#### WHAT THE EXERCISE ASKS
Could you retype the lines below, starting at the line holding "A University of" and stopping at the line holding "We added vertical", inclusive? Copy them exactly and drop the images.

*** TASK INPUTS Section Begins ***

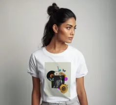 Una nostalgica stampa d'arte a collage che unisce fascino vintage e romanticismo. Un grammofono ornato esplode di fiori vivaci e dischi in vinile, mentre una coppia che balla cattura la magia della musica senza tempo. Un'opera d'arte da parete perfetta per gli amanti della musica, per gli appassionati di arredamento retrò o per chiunque sia attratto dalla narrazione di storie sentimentali attraverso il design.
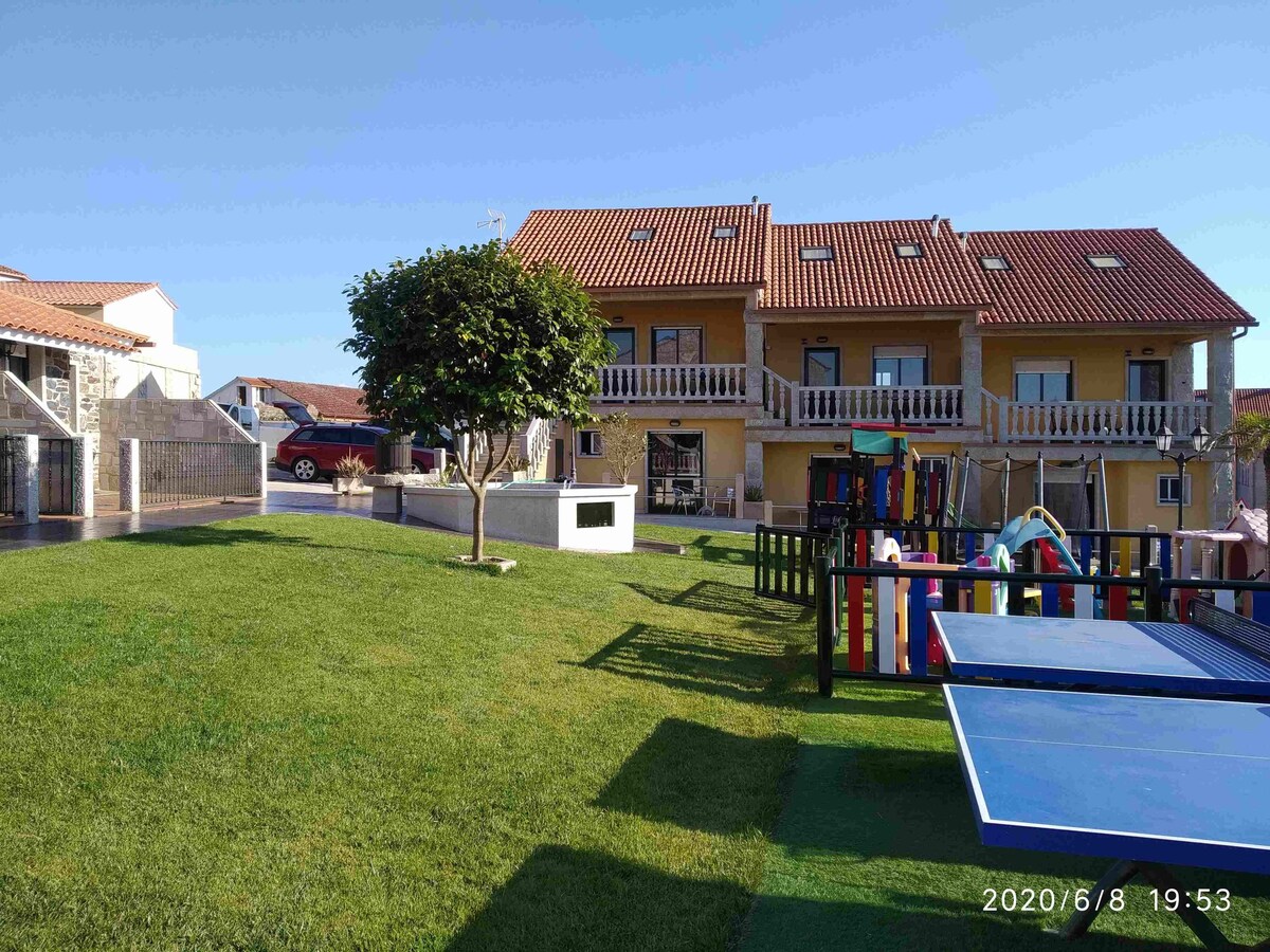 Bine ai venit în locuința ta din Rías Baixas! Apartamentele noastre din piatră și lemn combină tradiționalul cu cel modern. Acestea au o bucătărie complet utilată (cuptor cu microunde, cafetieră, prăjitor de pâine și fier de călcat) și o baie cu duș, uscător de păr și articole de toaletă de bază. Vei dormi ca un buștean în camerele noastre confortabile. Livingul are un șemineu pentru nopți răcoroase și te poți relaxa în zona de relaxare cu jacuzzi. Vino și bucură-te de esența galiciană autentică și uită de stres!
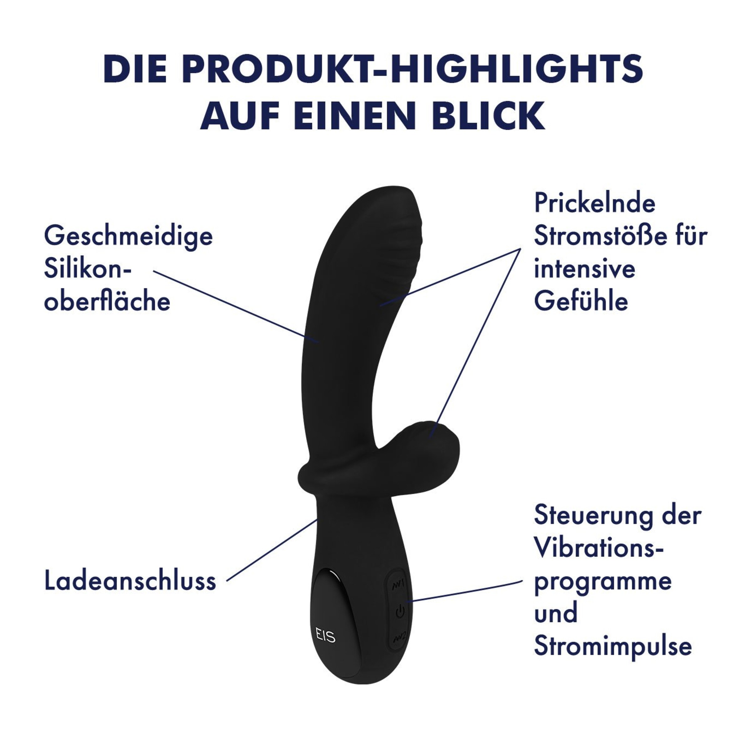 Dieser Rabbit mit Elektro-Stimulation von EIS kombiniert intensive Vibrationen und elektrische Stimulation für ein einzigartiges Erlebnis. Mit einer Gesamtlänge von 19 cm und einer einführbaren Länge von 10,5 cm bietet dieser Rabbitvibrator ein perfektes Zusammenspiel aus präziser G-Punkt-Stimulation und gezielter Klitorisanregung. Die gebogene Spitze sorgt für einen intensiven Kontakt mit Deinem G-Punkt, während der breite, gerippte Klitorisreizer für doppeltes Vergnügen sorgt. Das hautfreundliche Silikon und die gerippte Struktur an Schaft und Reizer bieten Dir ein intensives und gleichzeitig komfortables Gefühl.
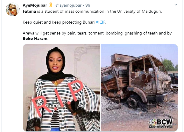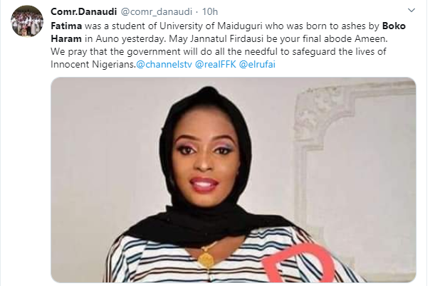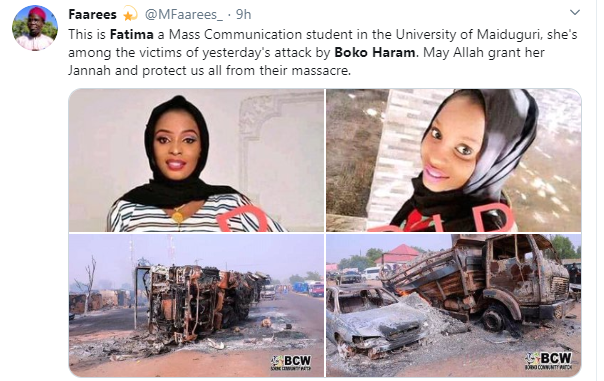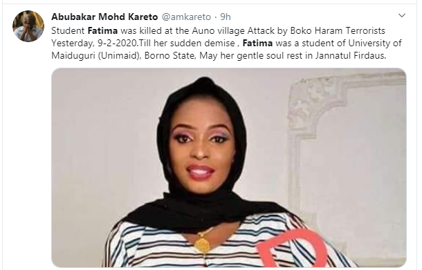 A University of Maiduguri Mass Communication student, Fatima has been identified as one of the 30 people killed by Boko Haram terrorists in an attack launched in Auno village, Borno on Sunday February 11.
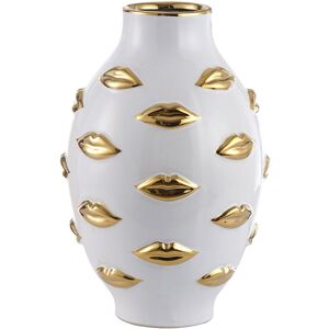 The Handmade with Gold Lips Design Ceramic Vase is perfect for those who appreciate modern home decor with a touch of playful sophistication. Its sleek ceramic finish, paired with the whimsical gold lips design, makes it a bold statement piece. Whether showcasing fresh flowers or dried arrangements, or simply standing as a decorative accent, this vase effortlessly adds a sense of charm and luxury to any room. Handcrafted with precision, this vase enhances both contemporary and luxury interiors, offering a perfect blend of modern art and functionality. Fairmont Park Size: 37.5cm H x 23.5cm W x 23.5cm D, Colour: White/Gold
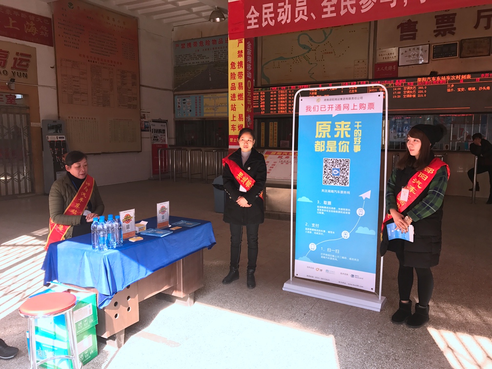 第一輪推廣單位為:邵陽汽車東站、邵陽汽車南站、邵陽汽車北站、隆回汽車東站、隆回汽車西站。12月下旬邵陽湘運旗下所有車站全部進行推廣。以下為8日推廣活動圖片。
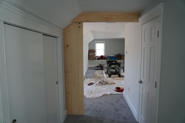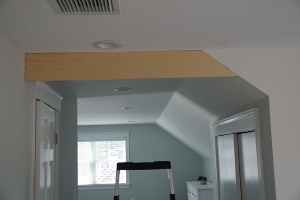 We added vertical pine jambs on the walls under both sides of the soffit to cover any gaps or seams around the door.
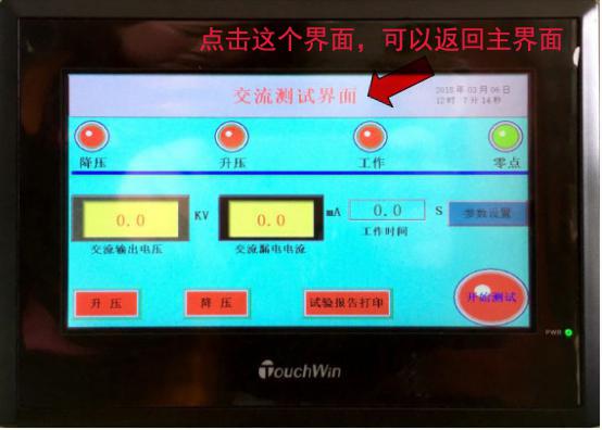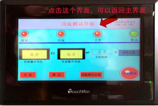 3:參�(shù)設定一般只需設定,輸出電�,泄漏電流,通電時間三個參�(shù)即可,其他不要改,設定好參數(shù)�,點擊“返回”到主界面,再點擊一下“測試”按�,界面“工作”指示燈為紅色并閃爍,升壓指示燈�,至額定電壓,“升壓”停止并開始計時-計時完成-降壓-主回路斷�。整個耐壓過程將按要求自動完成。并記錄所有參�(shù),點擊“試驗報告打印”將打印測試結果�
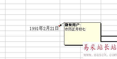 4、內(nèi)容所在單元格右上角出現(xiàn)一個紅色三角,將光標放在內(nèi)容上面,出現(xiàn)注釋。
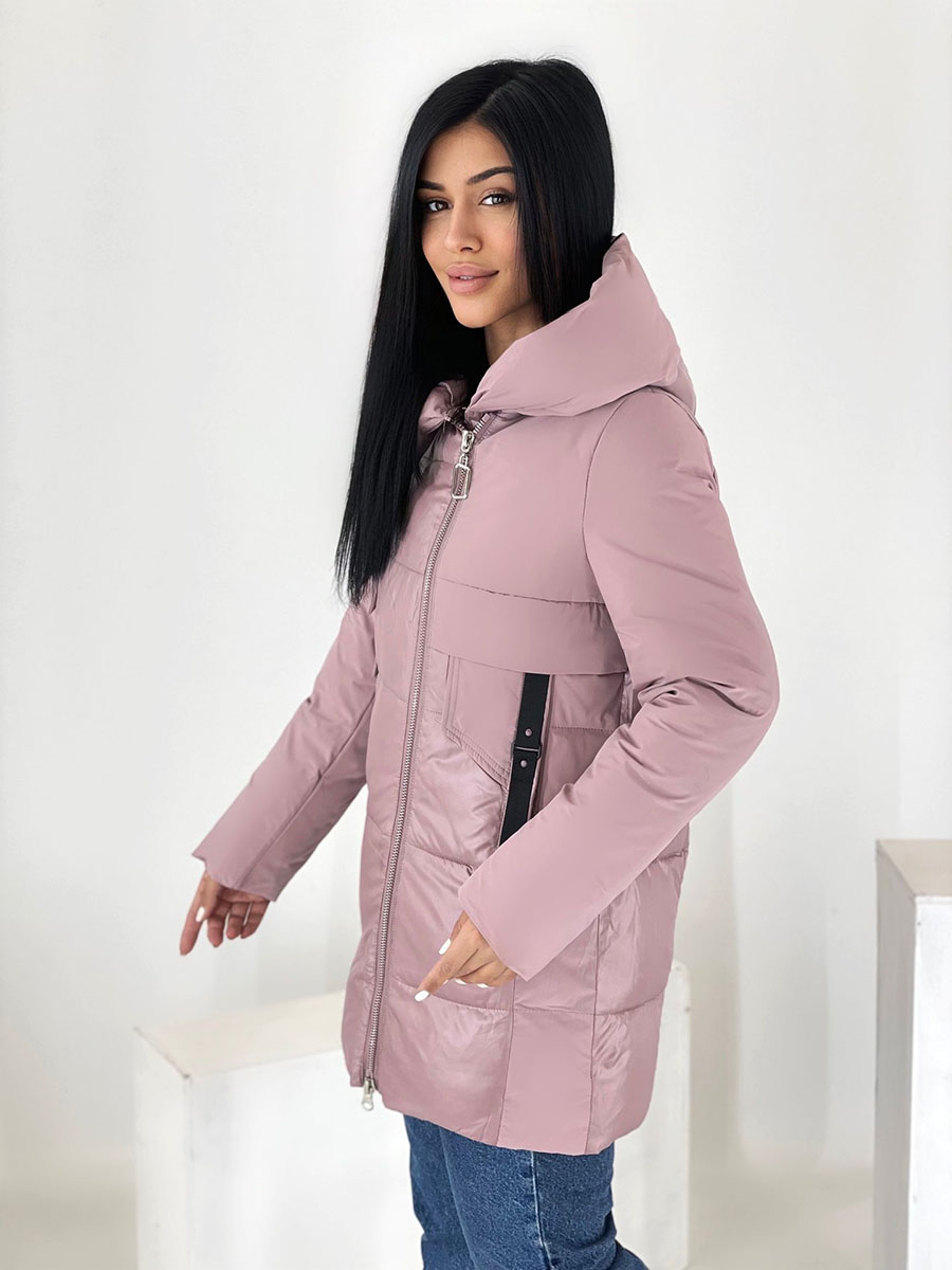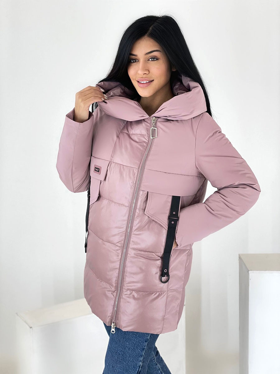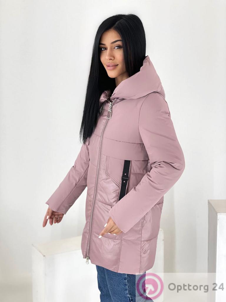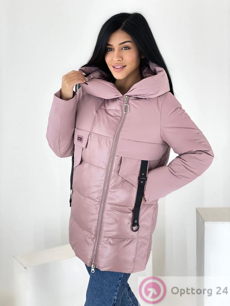 Описание: Куртка зимняя женская цвет пепельной розы, удлиненная. Высокий воротник. Есть капюшон. Застежка на двухсторонней молнии, есть карманы.

*** TASK INPUTS Section Ends ***

#### FINAL ANSWER
 A University of Maiduguri Mass Communication student, Fatima has been identified as one of the 30 people killed by Boko Haram terrorists in an attack launched in Auno village, Borno on Sunday February 11.
 The Handmade with Gold Lips Design Ceramic Vase is perfect for those who appreciate modern home decor with a touch of playful sophistication. Its sleek ceramic finish, paired with the whimsical gold lips design, makes it a bold statement piece. Whether showcasing fresh flowers or dried arrangements, or simply standing as a decorative accent, this vase effortlessly adds a sense of charm and luxury to any room. Handcrafted with precision, this vase enhances both contemporary and luxury interiors, offering a perfect blend of modern art and functionality. Fairmont Park Size: 37.5cm H x 23.5cm W x 23.5cm D, Colour: White/Gold
 第一輪推廣單位為:邵陽汽車東站、邵陽汽車南站、邵陽汽車北站、隆回汽車東站、隆回汽車西站。12月下旬邵陽湘運旗下所有車站全部進行推廣。以下為8日推廣活動圖片。
 We added vertical pine jambs on the walls under both sides of the soffit to cover any gaps or seams around the door.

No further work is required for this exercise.